HDFS源码学习(11)——SecondaryNameNode
##概述 SecondaryNameNode在HDFS中的主要作用是帮助master NameNode周期性执行checkpoint操作。
NameNode将运行过程中对文件的修改记录保存在EditLog中。当NameNode重新启动时会从FSImage中加载命名空间镜像,并将EditLog中的内容合并到FSImage中,将合并后的FSImage写入到磁盘,同时清空EditLog,共后续使用。
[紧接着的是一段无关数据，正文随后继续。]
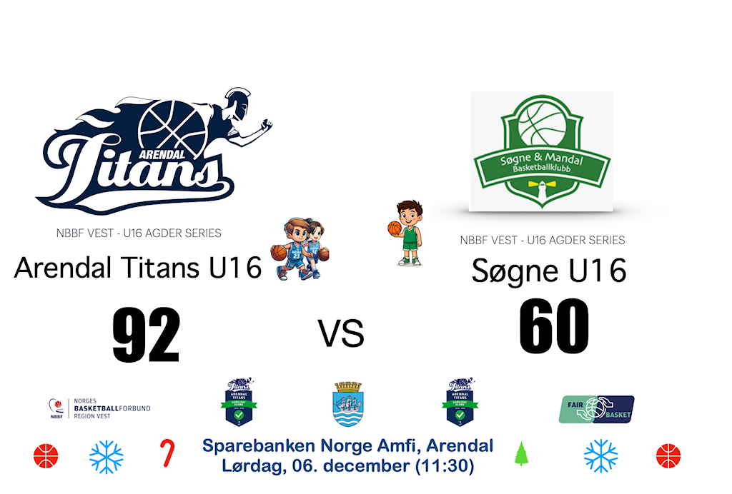 U16-lagets voldsomme angrepsspill ble for mye for Søgne å håndtere. Titans tok kontrollen fra første minutt og styrte kampen helt fram til en sluttresultat på 92-60.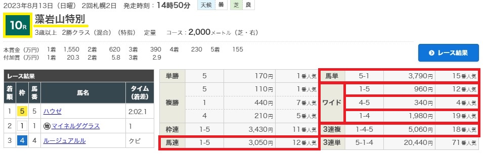 8月13日(日)札幌10R無料情報・合計『151.8倍』的中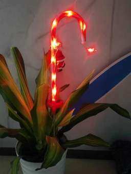 クリスマスツリー式ソーラーライト|キャンディケーン型・イルミネーション・屋外・庭飾り・サンタさん付き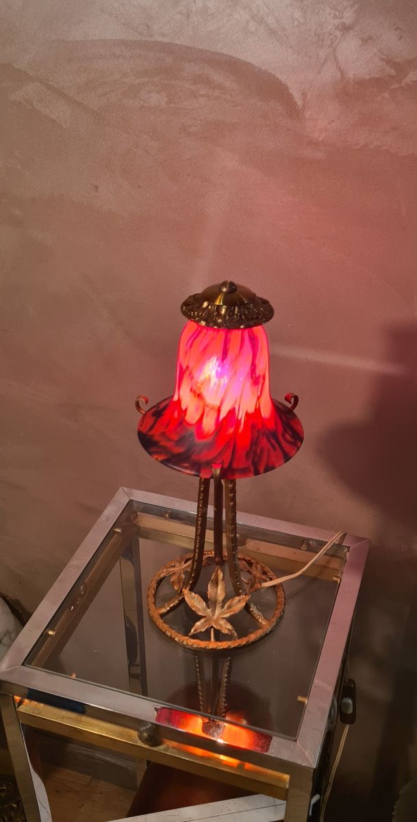 lampe fer forgé patiné or avec belle tulipe marbré orange , rouge ,noir ,tres belle 35x15 art deco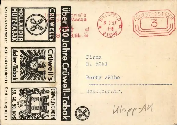 Klapp Ak Reklame, Crüwell-Tabak, Bielefeld, Preisliste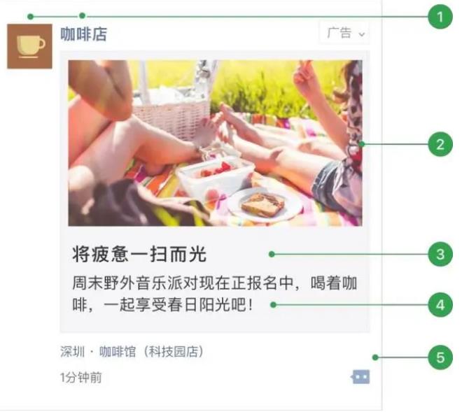 朋友圈圖文廣告由五或六個部分的內(nèi)容構(gòu)成,包含廣告主頭像&名稱、外層文案、外層圖片、文字鏈、用戶社交互動等, 本地推廣圖文廣告還包括門店標(biāo)。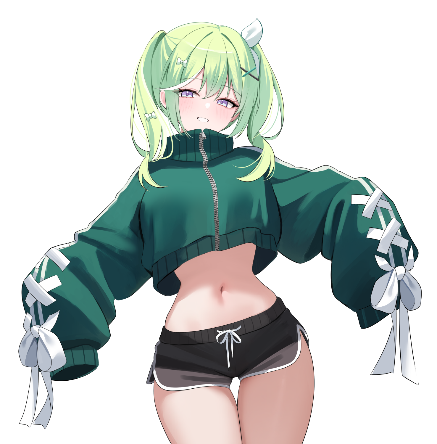 1girlblack shortsbowbreastscowboy shotcrop topcrop top overhangcropped jacketdolphin shortsdrawstringgreen hairgreen jacketgrinhair bowhair ornamenthair ribbonjacketlong hairlong sleeveslooking at viewermidriffmulticolored hairnaveloutstretched armspurple eyesribbonshort shortsshortssimple backgroundsleeves past fingerssleeves past wristssmilesolostomachstreaked hairthigh gapthighstrack jacketturtleneckturtleneck jackettwintailsvirtual youtuberwhite backgroundwhite ribbonx hair ornamentzipperzipper pull tab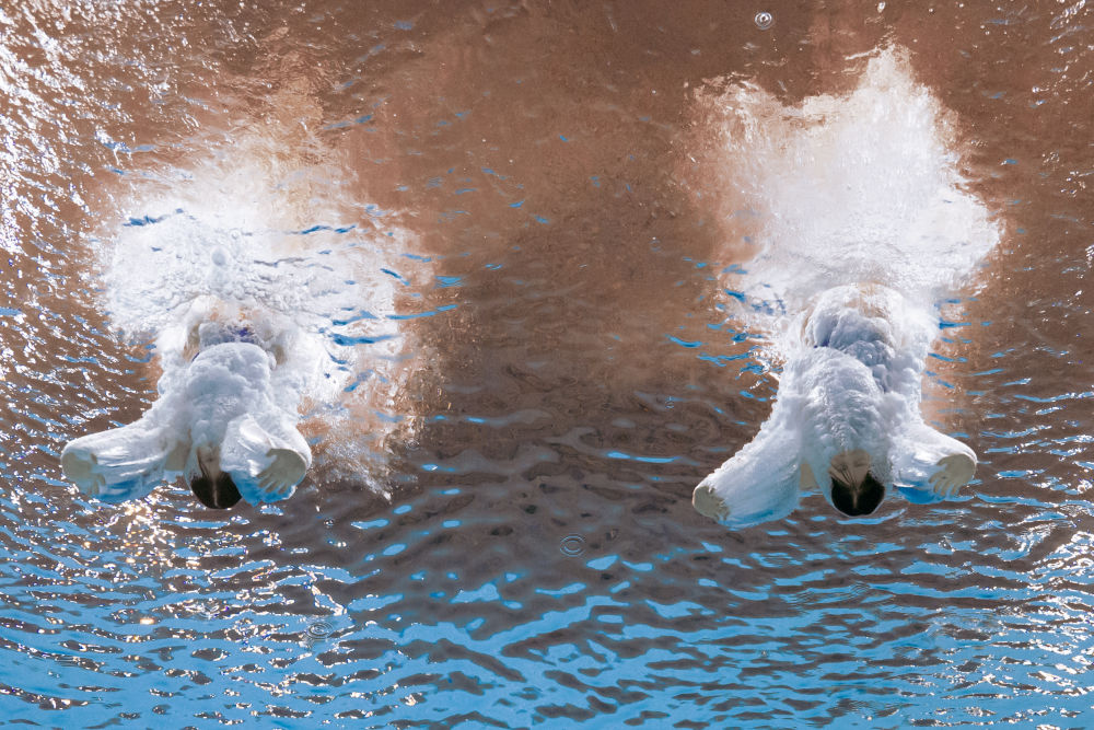 11月2日,廣東隊組合全紅嬋/王偉瑩在跳水女子團(tuán)體賽雙人10米跳臺項目比賽中。新華社記者 夏一方 攝

但如果NameNode长时间不重启,随时间增长,EditLog将会越来越大(每次文件操作都要记录),大量占用NameNode磁盘空间,且会导致下一次重启花费大量时间在合并Editlog上。
为了解决这个问题,SecondaryNameNode会定期从NameNode下载最新的FSImage和EditLog,合并editLog日志到FSImage,将合并后的FSImage上传到NameNode,并清空NameNode上的Editlog,将EditLog日志大小控制在一定限度下。
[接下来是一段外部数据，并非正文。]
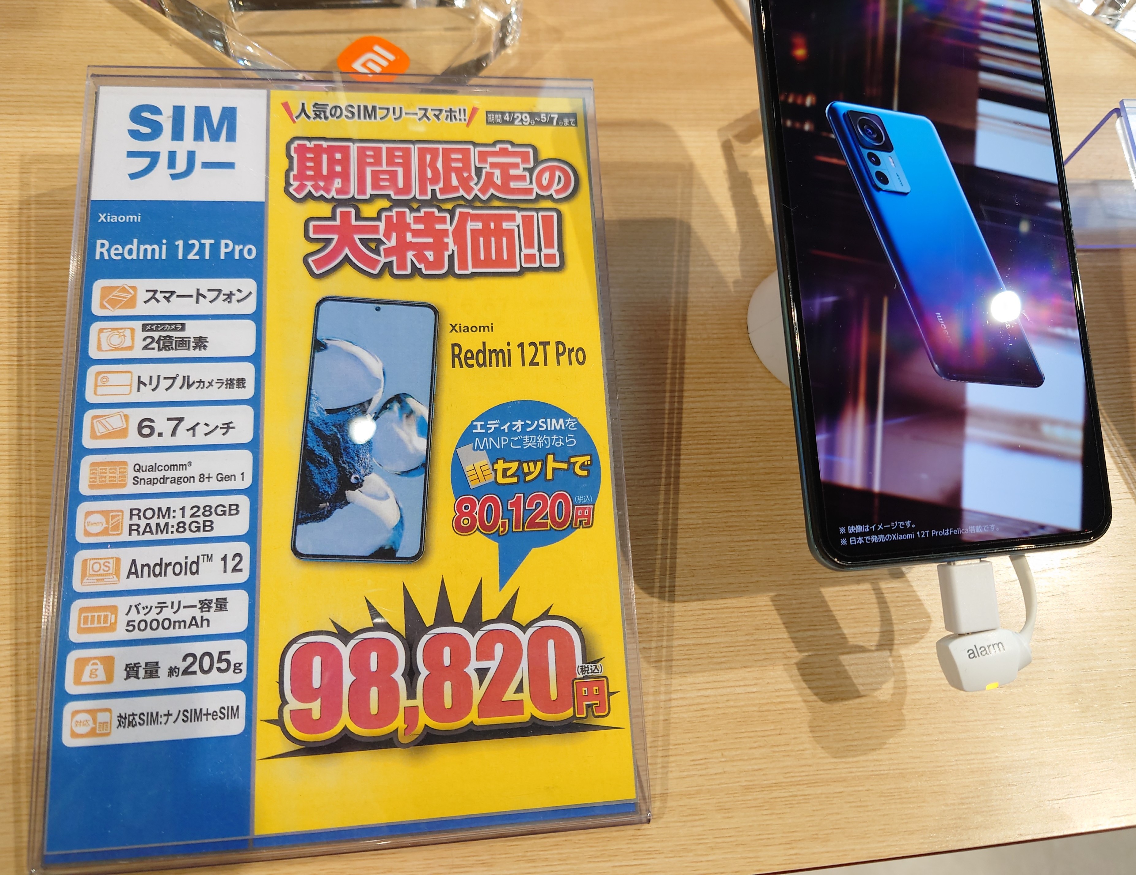 エディオンなんば本店では、2022年12月発売「Xiaomi 12T Pro SIMフリー」が、ビッグローブことエディオンSIMへのMNPで一括80,120円(税込)となっています。事務手数料は0円。5/7(日)まで。

##代码解析 SecondaryNameNode代码结构如下:
SecondaryNameNode本身就是实现了Runnable接口,即一个可执行线程。
checkpointImage表示当前SecondNameNode上的FsImage镜像,该类CheckpointStorage扩展自FSImage。
其中有两个主要的可配置属性:
- checkpointPeriod: 两次检查点的间隔时间,可通过fs.checkpoint.period配置
- checkpointSize: EditLog文件的最大值,当EditLog超过这个最大值时会强制之行checkpoint,可通过fs.checkpoint.size配置,默认是64M
###run() run方法代码如下:
public void run() {
//
// Poll the Namenode (once every 5 minutes) to find the size of the
// pending edit log.
//
long period = 5 * 60; // 5 minutes
long lastCheckpointTime = 0;
if (checkpointPeriod < period) {
period = checkpointPeriod;
}
while (shouldRun) {
try {
Thread.sleep(1000 * period);
} catch (InterruptedException ie) {
// do nothing
}
if (!shouldRun) {
break;
}
try {
long now = System.currentTimeMillis();
long size = namenode.getEditLogSize();
if (size >= checkpointSize ||
now >= lastCheckpointTime + 1000 * checkpointPeriod) {
doCheckpoint();
lastCheckpointTime = now;
}
} catch (IOException e) {
LOG.error("Exception in doCheckpoint: ");
LOG.error(StringUtils.stringifyException(e));
e.printStackTrace();
} catch (Throwable e) {
LOG.error("Throwable Exception in doCheckpoint: ");
LOG.error(StringUtils.stringifyException(e));
e.printStackTrace();
Runtime.getRuntime().exit(-1);
}
}
}
其核心就是周期性(默认每个5分钟)调用doCheckpoint().
doCheckpoint()
void doCheckpoint() throws IOException {
// 准备合并所需的空间
startCheckpoint();
// 通知NameNode将修改信息记录到新的editlog中,并获取一个用于上传合并后的fsimage的token
CheckpointSignature sig = (CheckpointSignature)namenode.rollEditLog();
// error simulation code for junit test
if (ErrorSimulator.getErrorSimulation(0)) {
throw new IOException("Simulating error0 " +
"after creating edits.new");
}
//从NameNode获取fsimage和editslog
downloadCheckpointFiles(sig); // Fetch fsimage and edits
//合并editlog到fsimage
doMerge(sig); // Do the merge
//上传合并后的fsimage到NameNode
putFSImage(sig);
// error simulation code for junit test
if (ErrorSimulator.getErrorSimulation(1)) {
throw new IOException("Simulating error1 " +
"after uploading new image to NameNode");
}
// 通知NameNode使用该fsimage作为最新的镜像
namenode.rollFsImage();
checkpointImage.endCheckpoint();
LOG.warn("Checkpoint done. New Image Size: "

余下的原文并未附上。